Sources: YouTube link, modelcontextprotocol.io, github.com/modelcontextprotocol.
A2A Protocol (created by Google, now Linux Foundation-governed)
Terminology: user => client agent (A2A client) <=> remote agent (A2A server). How multiple agents talk to each other - peer-to-peer communication between or horizontal integration of agents. Steps:
Discovery - client finds a remote agent using its json agent card - typically fetched from a well-known; it describes the agent, what it can do (skills), how to talk to it, and what authentication it requires.
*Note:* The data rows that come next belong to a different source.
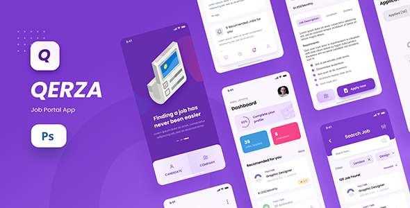 Qerza - Job Portal iOS App Design PSD Template TFx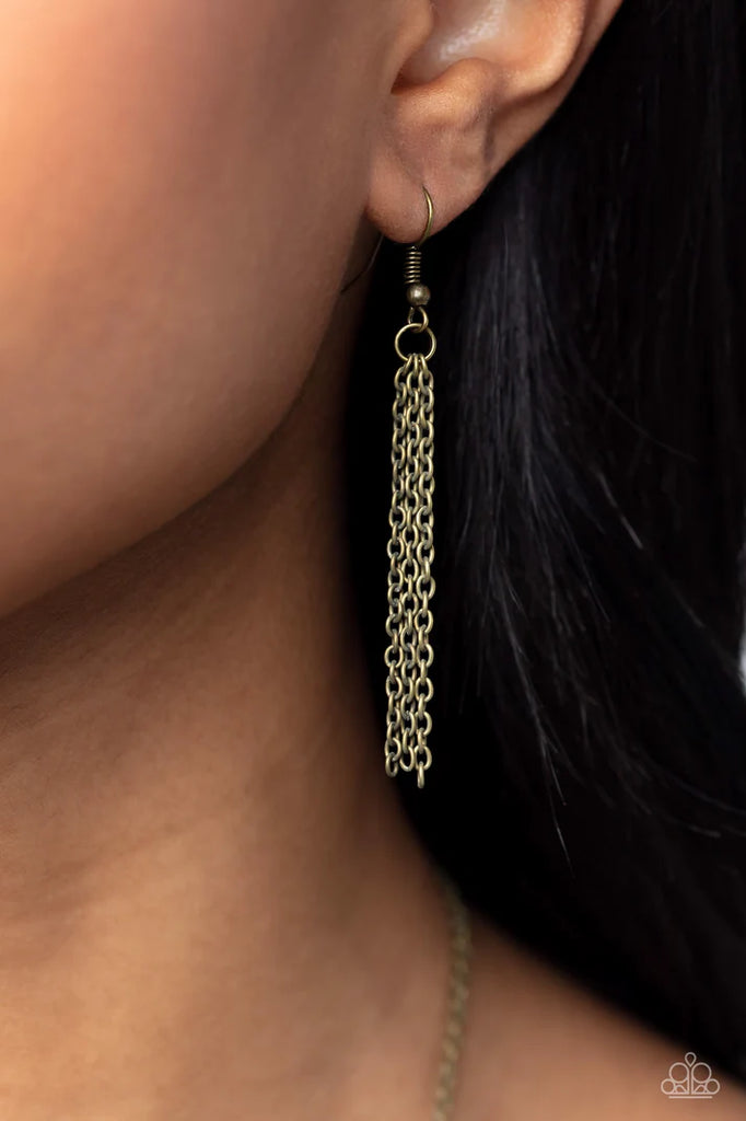 A textured sunburst pendant swings from the bottom of a lengthened brass chain. A shimmery brass chain tassel swings from the bottom of the tribal inspired pendant for a seasonal finish. Features an adjustable clasp closure.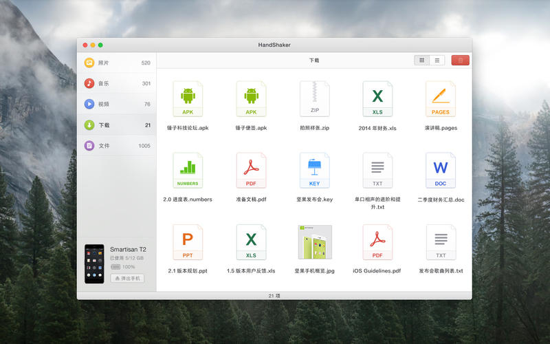 由于安卓系统和 Mac 连接时,传输和管理文件的方式都较为简陋,所以我们精心开发了 HandShaker ,使您在 Mac 上也可以方便自如地管理手机中的内容。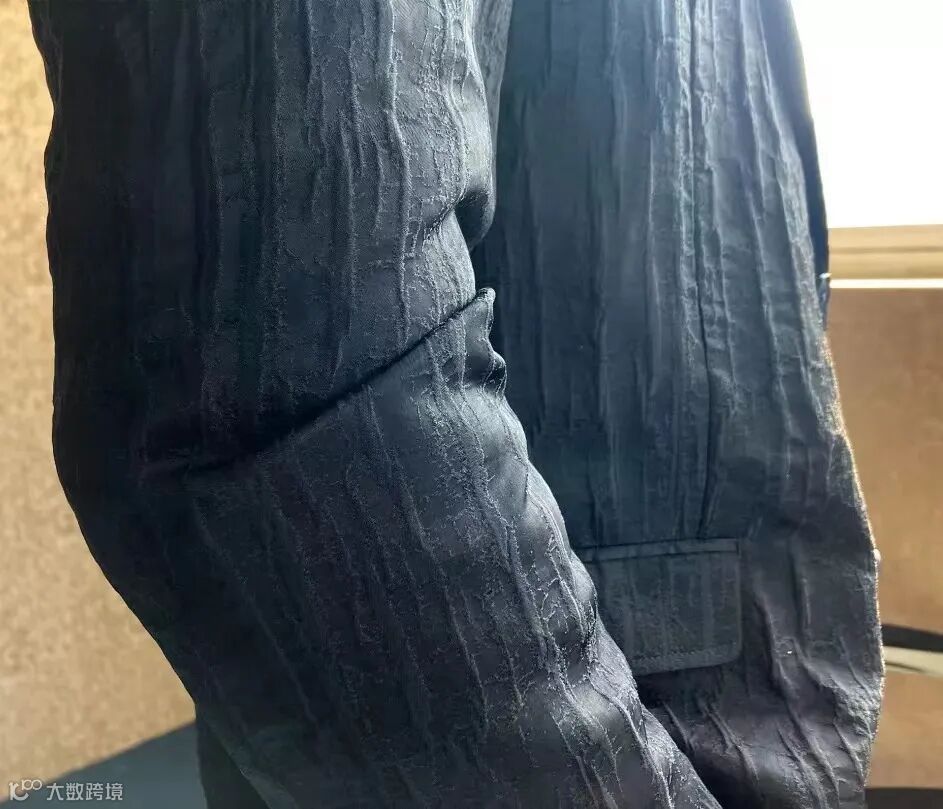 面料质地为全涤纶,纬向含有PBT半光弹力纤维,纤维的物性不同使得外观呈现自然褶皱肌理,棉质触感并具有抗皱性,弹性适中,没有束缚感

Authentication - based on security scheme from same agent card.
Communication - a) client talks to remote using JSON RPC 2.0 protocol over HTTPS, b) client sends tasks to remote agent who completes them [using tools] and who can request additional information, c) finally, remote agent communicates task completion and sends generated artifacts (doc, image, structured data) to client, d) streaming can be used over SSE if a task is long + push notifications (webhooks) are used for very long-running or disconnected scenarios where holding an SSE connection open isn't practical.
Task are stateful objects with lifecycle states - pending, in-progress (working), completed, failed, input-required (task pauses until client sends more context) and rejected/canceled. Long-running, multi-turn task management - A2A's core contribution vs. plain RPC call.
Modality agnosticism - message objects composed of Parts — parts can contain text, images, structured data, or other formats.
A2A preserves privacy because remote agents don’t disclose anything about their inner workings (memory, tools, or proprietary logic) + interaction is based on established standards/protocols. A remote agent is a black box exposing only its card and task interface.